County Map: Clicking on a county returns the records for the species in that county.
GBIF Global Distribution
Key Habitat Requirements
Habitat: This wide-ranging species uses a variety of habitats. In areas outside of the Coastal Plain the larvae are most commonly found in lower order streams that are surrounded by hardwood or mixed hardwood-conifer forests. Perennial streams with rocky substrates, minimal siltation, healthy invertebrate populations, and adequate cover for the larvae provide optimal habitats (Petranka 1998, Smith and Grossman 2003). The juveniles and adults live on land. They can be more or less semiaquatic at some sites, while at others fully terrestrial and found far from the breeding sites. Mature hardwood forests with abundant rocks, logs and other surface cover provide optimal habitats for the juveniles and adults.

Coastal Plain populations are often associated with perennial springs, headwater seepage wetlands, ravine heads and small streams in hardwood forests or swamplands. The juveniles and adults are generally found closer to water than more upland and northern populations. On rare occasions, eggs or larvae have been found in sluggish or standing water, including a stagnant drainage ditch in Virginia (Wood 1953) and a small woodland pond in West Virginia (Brophy and Pauley 1997).
Biotic Relationships: The larvae live in perennial streams that support an array of predators such as crayfishes, small fishes, and larger salamander larvae. Some of the known predators include the Brook Trout, sunfishes, darters, crayfishes, and Spring Salamander larvae (Gustafson 1994, Petranka 1984, Resetarits 1991).

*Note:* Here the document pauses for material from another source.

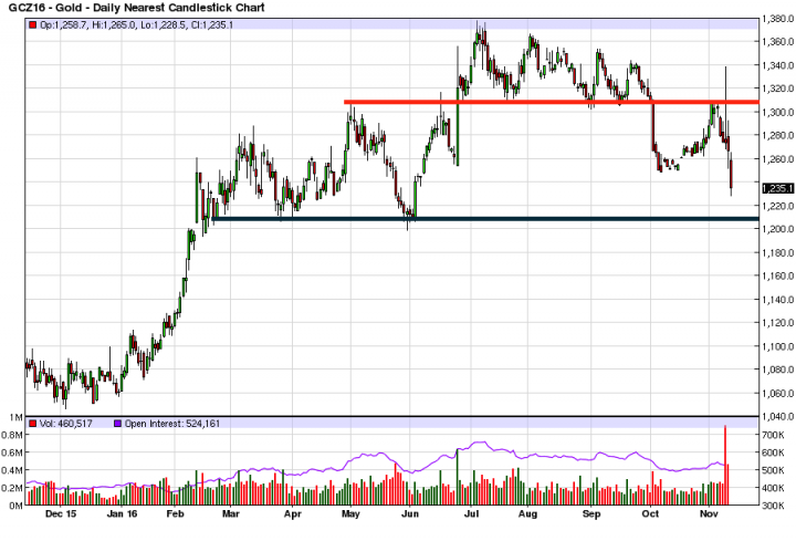 The price action throughout October and early November can be interpreted one of two ways. One, the move out of the $1,243 low was an extended oversold bounce in an ongoing intermediate-term correction and gold prices are very close to forming a lasting low. Or two, the move out of the $1,243 low was an intermediate cycle that failed after just 5-weeks, and prices will continue lower into the first quarter of 2017.

The larvae have behavioral defenses against fish and other predators. Larvae in central Kentucky are primarily active outside of cover at night when fish are inactive and use chemical cues to monitor the presence of fish. Larvae respond to fish chemicals by seeking refuge beneath cover objects (Kats et al. 1988, Petranka et al. 1987). Field experiments in Virginia also indicate that larvae reduce their surface activity when confined with predatory Brook Trout and Spring Salamander larvae (Resetarits 1991). Gyrinophilus in this study did not significantly affect the survival of Eurycea, but did reduce larval growth rates. Gustafson (1994) examined predator-prey interactions between G. porphyriticus larvae and E. cirrigera larvae in experimental streams and found that the predation rates on Eurycea increased with the size of Gyrinophilus. Eurycea larvae also restricted their nighttime surface activity in the presence of Gyrinophilus and were more likely to remain in cover in the presence of large Gyrinophilus larvae.

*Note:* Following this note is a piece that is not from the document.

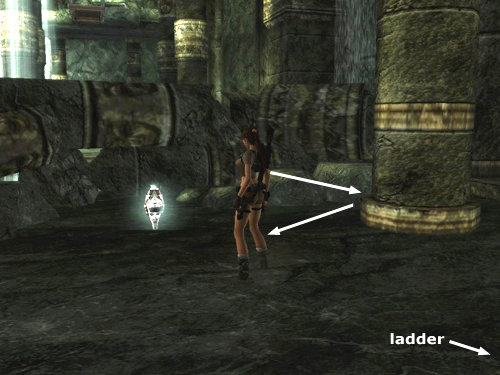Cross the dark area between the ledges. It's safe to climb down, or you can just cross the ledge with the square column near the wall. Jump onto the ledge on the other side and run through the fallen column.

Although poorly documented, the terrestrial juveniles and adults are very likely eaten by predators that regularly consume salamanders such as the Eastern Screech Owl, Common Gartersnake (Thamnophis sirtalis), and Ring-necked Snake (Diadophis punctatus). Mammals such as shrews, raccoons, minks, and opposums undoubtedly take them also.
See also Habitat Account for Wet-Mesic Forests with Seepages/Headwater Streams
Life History and Autecology
Breeding and Courtship: The adults in many populations live in forests that adjoin the breeding sites and undergo seasonal migrations to springs, seepages, and streams during the autumn. They remain in the immediate vicinity of the breeding sites until the spring warm-up or until the eggs hatch, then move back to forested sites. Although poorly documented, courtship and mating appears to occur both during the autumn and spring months (Sever 1989, Weichert 1945).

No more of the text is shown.